On May 15, 2014, at 4:24 AM, Guus Sliepen <guus at sliepen.org> wrote:
> Usually when one says "pre-shared key" one means a key for a symmetric
> cipher. However, the problem with those is that they are supposed to be
> kept secret, and that means it is hard to pre-share them over public
> communication channels.
It's *impossible* to share them over public channels.  That's exactly the point!  Sharing a key over an *existing trusted encrypted connection that runs over a public channel* works fine, of course.

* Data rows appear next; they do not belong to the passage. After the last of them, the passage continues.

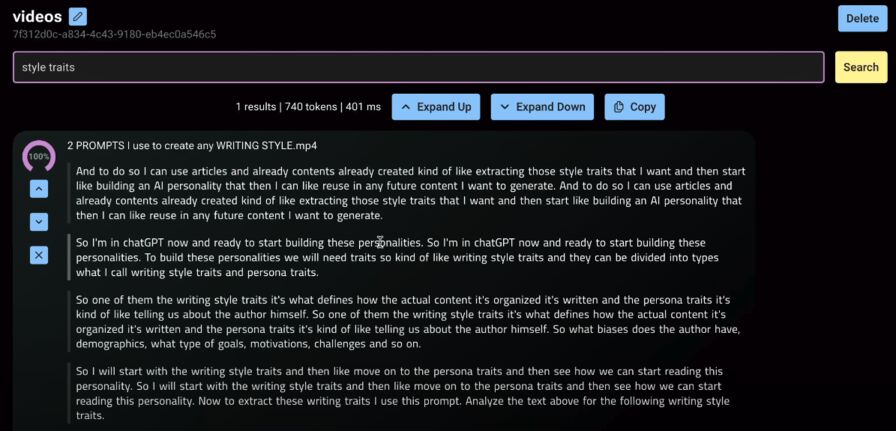 Once done, you can search the library to find transcribed text snippets. These can be used to enhance AI content creation by injecting relevant multimedia information.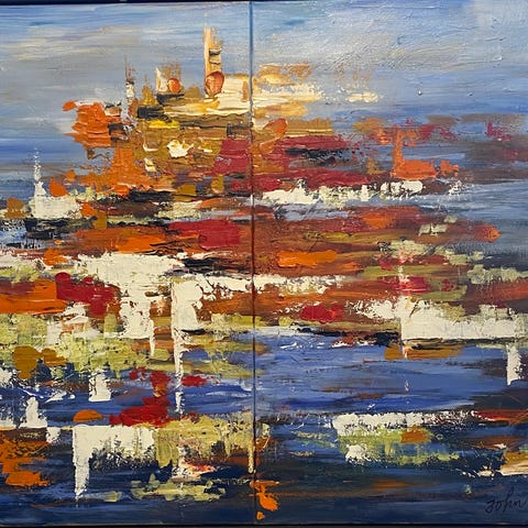Spændende maleri af Kirsten Rudiengaard - mål 33 x 103.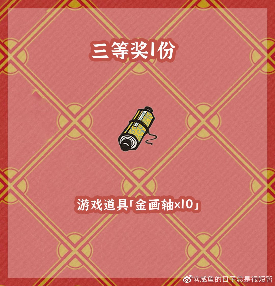 三等奖:金画轴x10 1位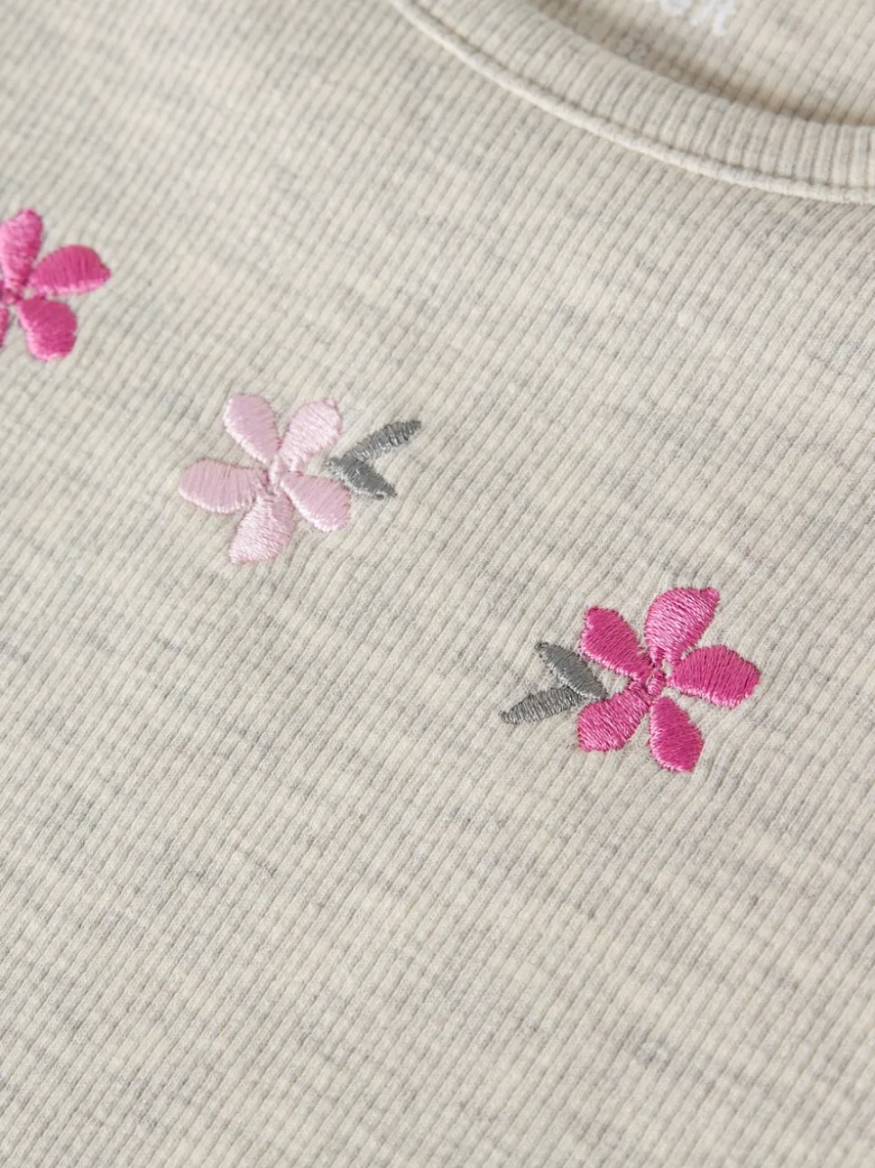 - Broderede blomster henover brystet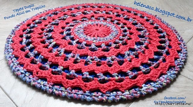 Двойной круглый коврик можно связать крючком из пряжи спагетти или из трикотажных полосок, используя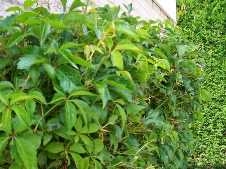 Heb lang een wilde wingerd staan gehad moest hem 2x per jaar insnoeien en zat stevig aan de muur met zuigmapjes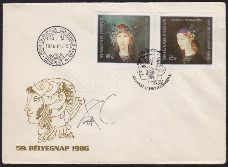 Beschreibung: 1986 Bélyegnap FDC, rajta a tervező Szász Endre saját kezű aláírásával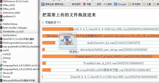主要功能是用户可以直接把文件夹的文件直接拖放到网页中,并进行上传,在上传的过程中显示上传进度信息.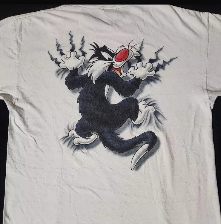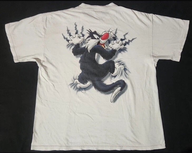 Vtg Warner Bros Looney Tunes Sylvester Big Graphic T Shirt XL double sided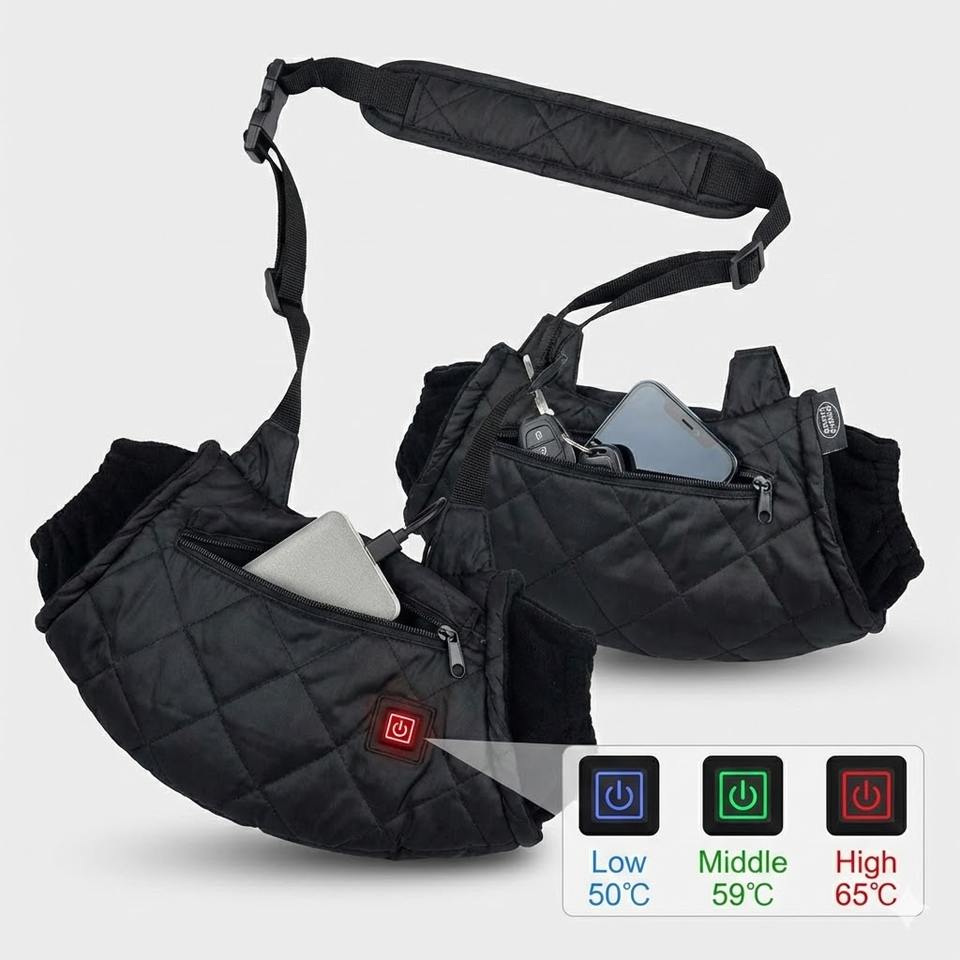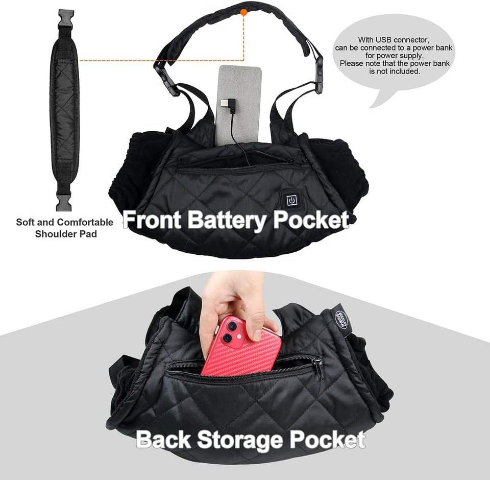 Pochette chauffante rapide doublée polaire avec deux poches zippées, interface USB 5V, contrôle de la température à 3 vitesses, affichage LED, bandoulière souple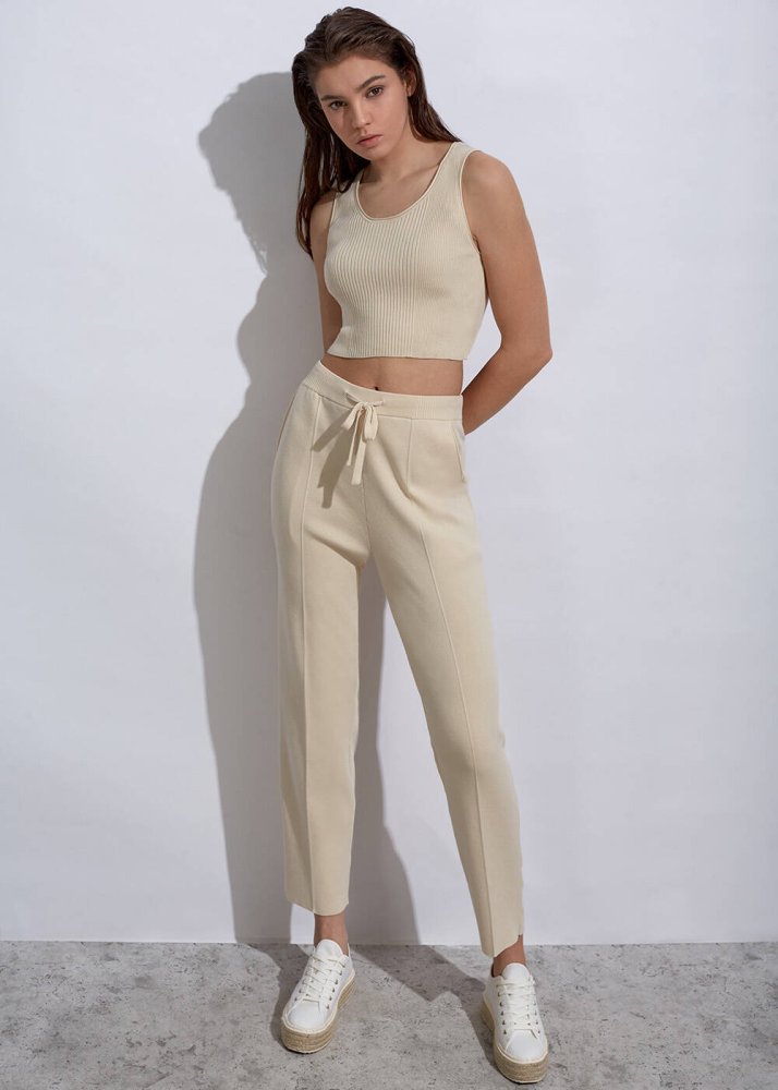 İdeal krem rengi ile hem sportif hem de business kombinlerinize kolayca uym sağlayacak Knitss crop triko üst ile tanışın. Birinci sınıf İtalyan pamuktan üretilen crop triko üst modeli, yuvarlak yaka, fitil örgü ve slim fit kalıbı ile konforlu giyim deneyimi sunar.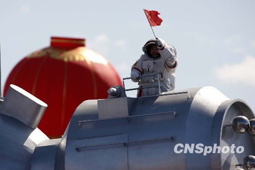 10月1日,中华人民共和国成立60周年庆祝大会在北京举行,航天员翟志刚等航天人在群众游行队伍中亮相。 中新社发 盛佳鹏 摄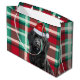 Les Amoureux de les chiens adoreront recevoir ou donner ce mignon sac cadeau de saison des fêtes, avec un chic chien Labradoodle sur un arrière - plan rouge et vert plaid à motifs de vacances.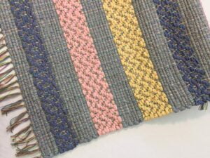 Are you bored with just weaving cloth strip rugs with plain weave? Many other threadings are suitable for rag rugs, such as monk’s belt, Ms and Os, double-face twill, overshot, summer and winter, undulation twill and crackle.
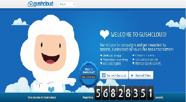 Gushcloud takes a beautifully simple and original idea (real word of mouth social marketing done by the public and not brands or celebrities) and mates it with a playful user interface.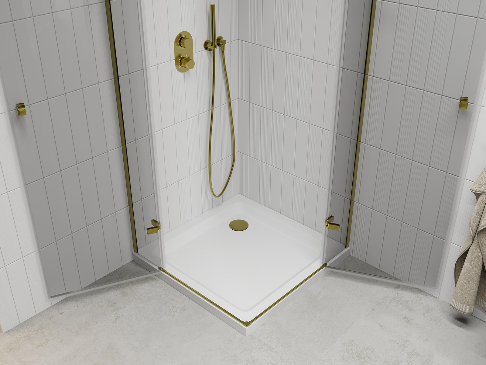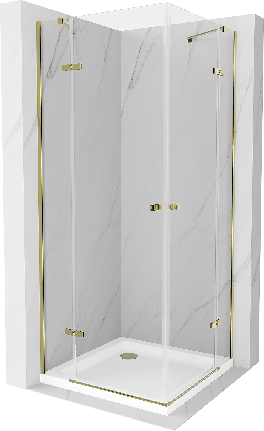 Mexen Roma Duo varstoma dušo kabina 90 x 90 cm, permatoma, auksinė + plokščias padėklas - 854-090-090-50-02-4010G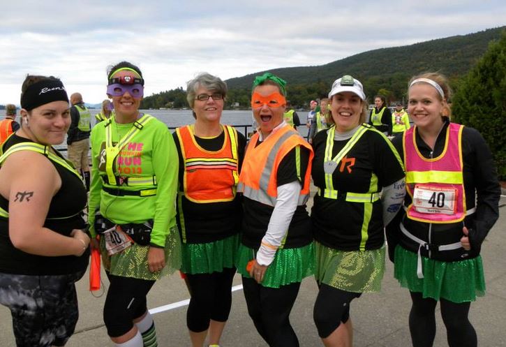 Let me say tractor trailers coming barreling down the road towards you in the dark is really scary. And, while I run hills all the time, it was a cruel joke to put the end of the leg up a hill into Ticonderoga Middle School. In the dark – under beautiful stars, I slapped that bracelet on Meredith’s wrist for the second time. It was about quarter of one, Saturday morning.
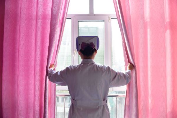 12月16日,海東市第一人民醫(yī)院內(nèi)科護士劉海婷在病房內(nèi)為患者拉開窗簾。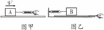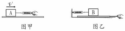 (08长沙)为探究滑动摩擦力的大小与什么因素有关,长沙市某中学的小刚和小明两个同学分别设计了如图甲和图乙所示的实验。按图甲实验时,小刚用手通过弹簧测力计匀速拉动木块A,读出弹簧测力计的示数即可测出木块和木板之间的滑动摩擦力:小明将弹簧测力计一端固定,另一端钩住木块B,木块B下面是长木板.实验时小明拖动长木板,然后读出弹簧测力计的示数,即可测出木块B和木板之间的摩擦力。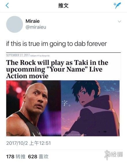 不过近日又有Twitter上的消息称道恩·强森将在好莱坞真人版《你的名字》中饰演男主立花泷。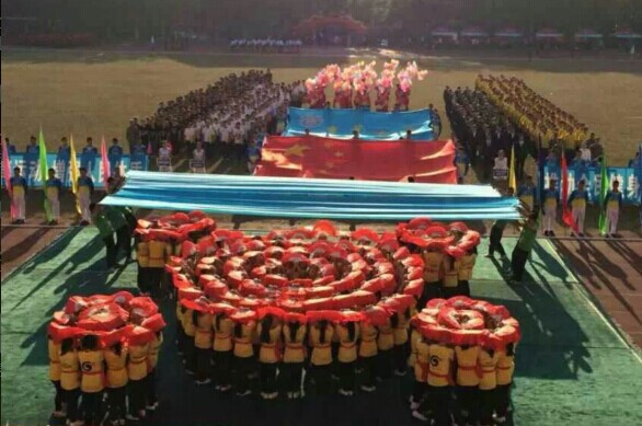方阵队变换的队形,分别是编号队形,鼓,五角星,剑刺花,凤凰,队形样式多变,队员配合默契。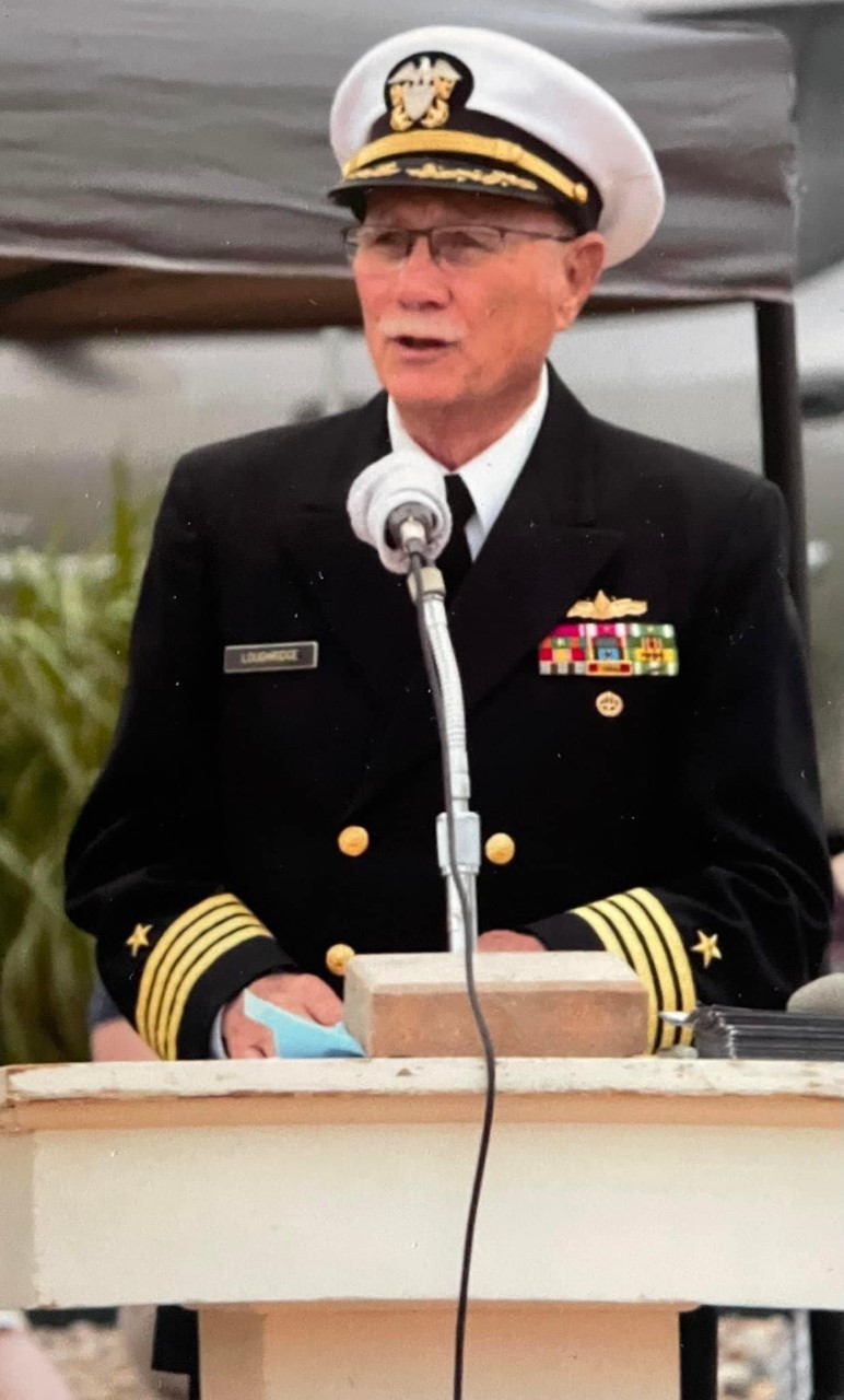 Bottom picture. At the podium May 2017, Mr Loughridge was Keynote speaker at the annual Memorial week end ceremony.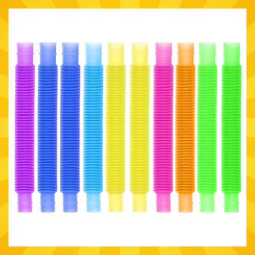 Set 10 senzoričnih cevk ponuja igrivo stimulacijo za otroke in odrasle. Zaradi različnega upora pri raztezanju zagotavljajo bogate senzorične dražljaje, podpirajo koordinacijo oko–roka in zbranost. Pri uporabi oddajajo pomirjujoče pop zvoke, ki pomagajo k umiritvi in koncentraciji.

> Conversely, when one mentions asymmetric keys it
> is usually associated with a PKI. In case of VPNs, I would argue that
> the best solution is to have pre-shared public keys; it is much easier
> to exchange those over public communication channels,
Sharing a public key over a public channel is meaningful only if you have a way to authenticate that it came from who you think it came from.  That's a problem just as hard as keeping the shared key secret as it's being transmitted.

> and if you use
> ephemeral Diffie-Hellman key exchange signed with those public keys, you
> get PFS, something that is not possible with pre-shared symmetric keys.
That's false.  PFS has a mystique around it, but in fact it's trivial to produce in a symmetric system, as I showed on this list not long ago.  Suppose you and I share a secret initial key K.  The operations are then:

	Send(M):
		E = E(K, M); K = H(K);

	Receive(E):
		M = D(K, E); K = H(K);

where H is a one-way hash function, and the operation of assigning to K irretrievably destroys the old value.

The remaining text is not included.